Depois que injeta uma dose considerável de heroína em seu sistema nervoso, Barry sai entorpecido pelas ruas, onde é abduzido por uma nave alienígena, que realiza diversos experimentos com seu corpo e altera as suas configurações penianas. De volta à Terra, Barry parece zumbificado – em termos comportamentais – e, a despeito de sua aparência exageradamente esquálida e desgrenhada, desperta o interesse sexual de homens e mulheres. Transa sucessivamente com um punhado de pessoas – sob o efeito de inúmeros comprimidos de ‘ecstasy’, que ingere acidentalmente numa danceteria – e, num dos casos, expele uma estranha gosma preta que, ao penetrar no sistema reprodutivo de uma prostituta, causa-lhe uma gestação espontânea, de modo que ela dá a luz a um bebê cinco minutos após a ejaculação dele. E estamos ainda no começo do filme!
Daí por diante, as situações mais esdrúxulas ocorrerão com Barry (e ao redor dele): balbuciando apenas algumas palavras – geralmente repetindo o que lhe dizem – ele é resgatado por sua abnegada esposa, que fica excitada ao flagrá-lo alimentando o filho que possuem em comum. Ao padecer de uma febre intensificada, ela decide conduzi-lo até um hospital, mas Barry foge, e é respectivamente “acolhido” por uma dupla de sintetizadores químicos, um mendigo pedófilo e seqüestrador, um deficiente mental que pretende fugir do sanatório, e outras pessoas marginalizadas. Efeitos visuais esplendorosos permitem ao espectador o sucedâneo das sensações experimentadas pelo protagonista: o filme torna-se, ele também, uma “droga”, portanto!

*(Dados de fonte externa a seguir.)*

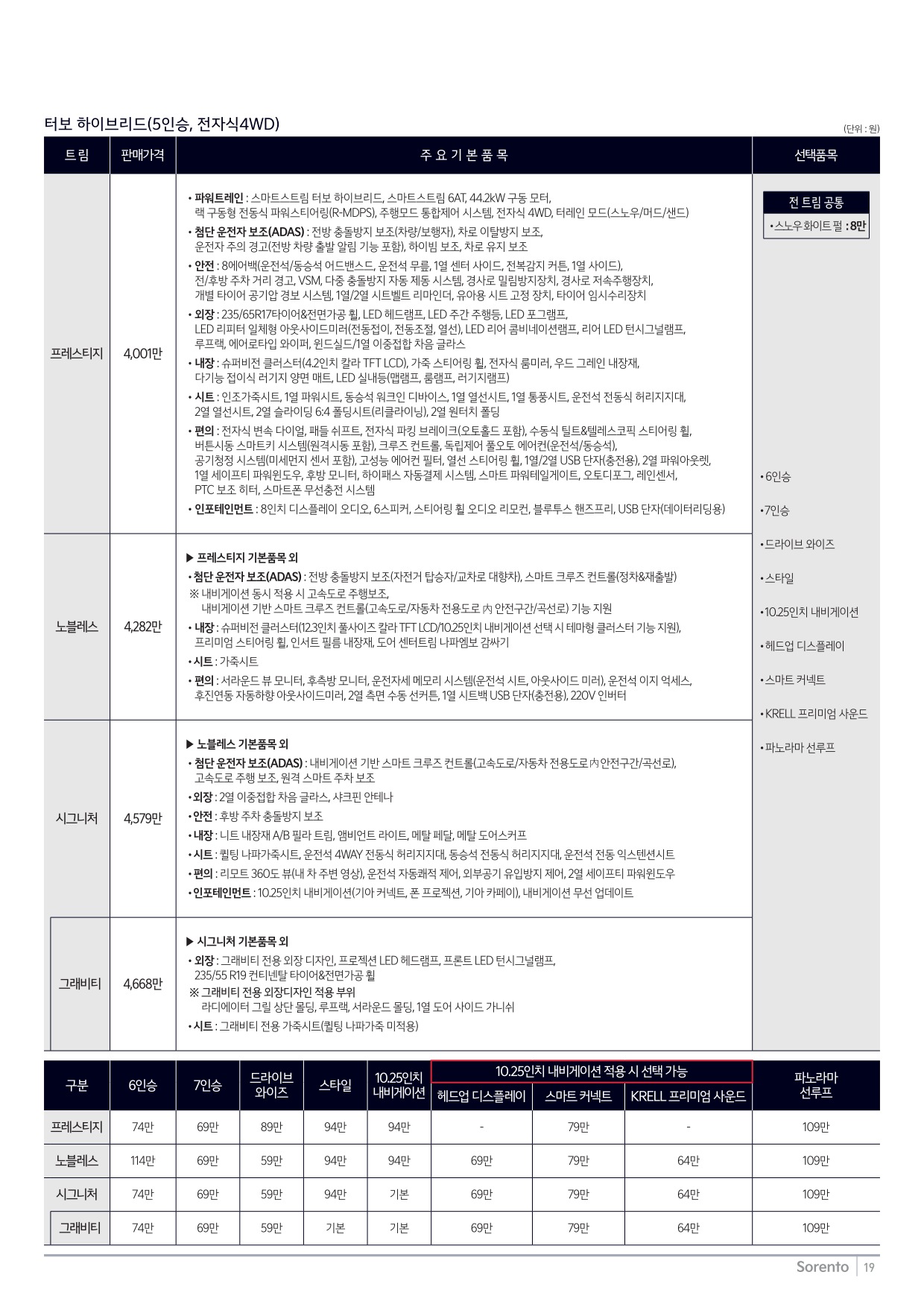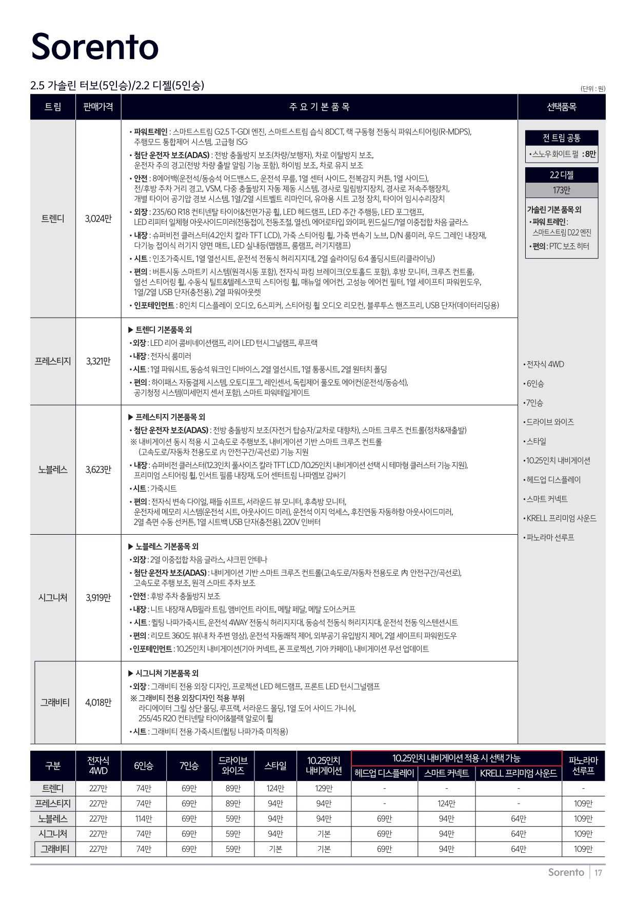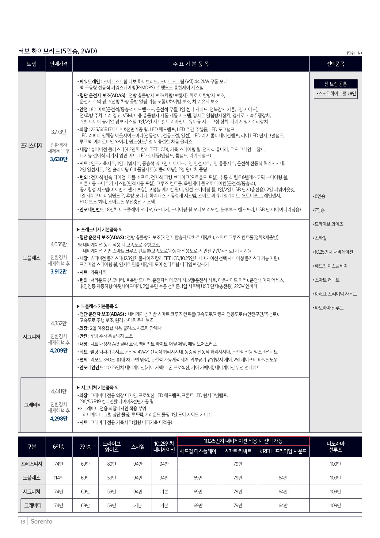 2021년 7월 쏘렌토 신차가격표 (2022년형 쏘렌토 출시)
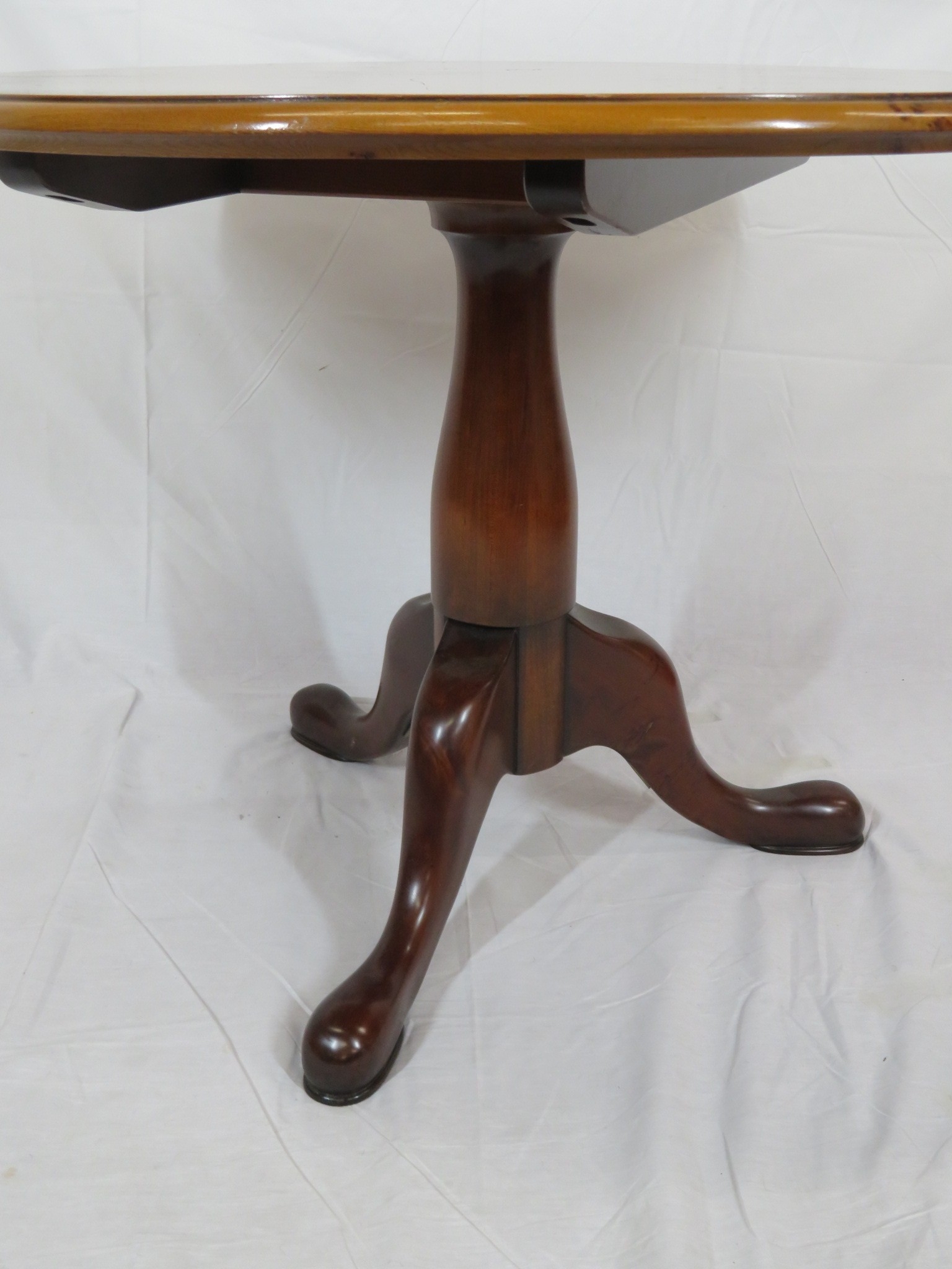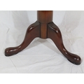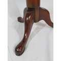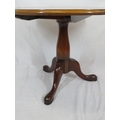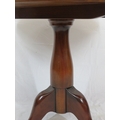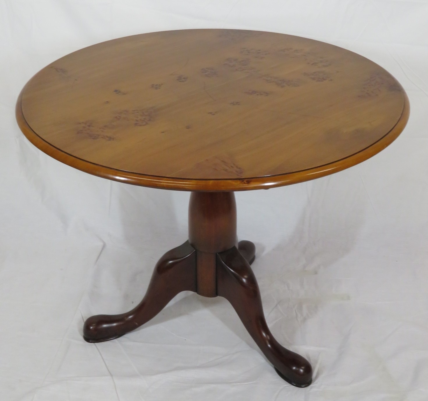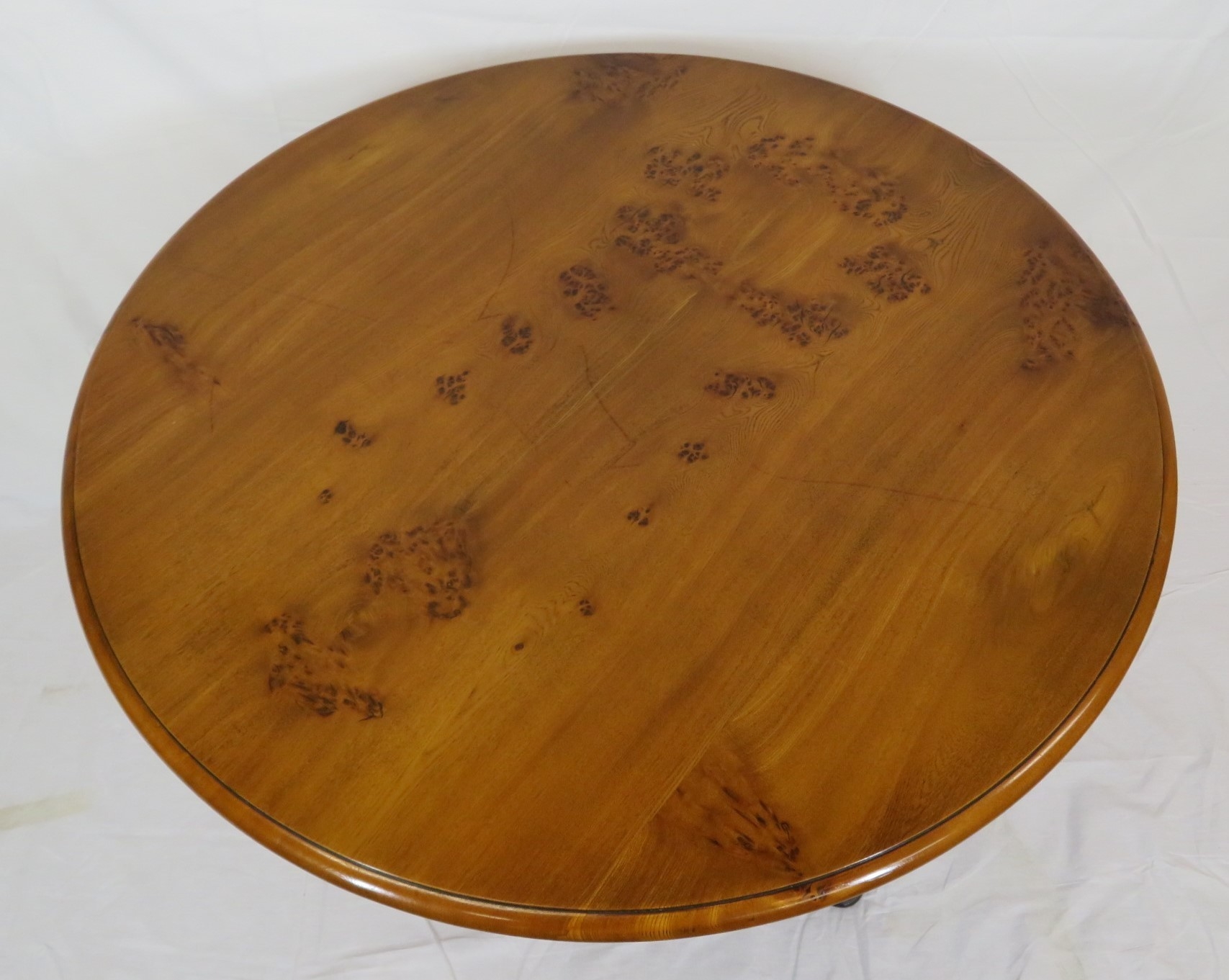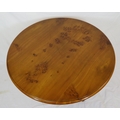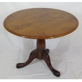 Victorian burr elm topped round occasional table with shaped mahogany column on yew tripod with pad feet

Nos noventa e nove minutos de duração do filme, não há “moral da estória” explícita ou qualquer doutrinação esquerdista evidente, mas, nas entrelinhas, é possível identificar contra quais posicionamentos o filme é refratário. Por ser filmado numa metrópole da África do Sul, é óbvio que o racismo é questionado (num diálogo tão rápido como certeiro em sua aparente nulidade factual), mas a verve ideológica sub-reptícia do roteiro traz à tona aquilo que deveria ser obrigação das instituições públicas: o acolhimento. Para quem lida sazonalmente com o drama de possuir em sua vizinhança ou ambiente doméstico alguém que sofre com o vício em substâncias tóxicas, este filme externamente cômico é consolador e balsâmico. Além de muito divertido também. Uma das grandes surpresas cinematográficas (e psicodélicas) do ano!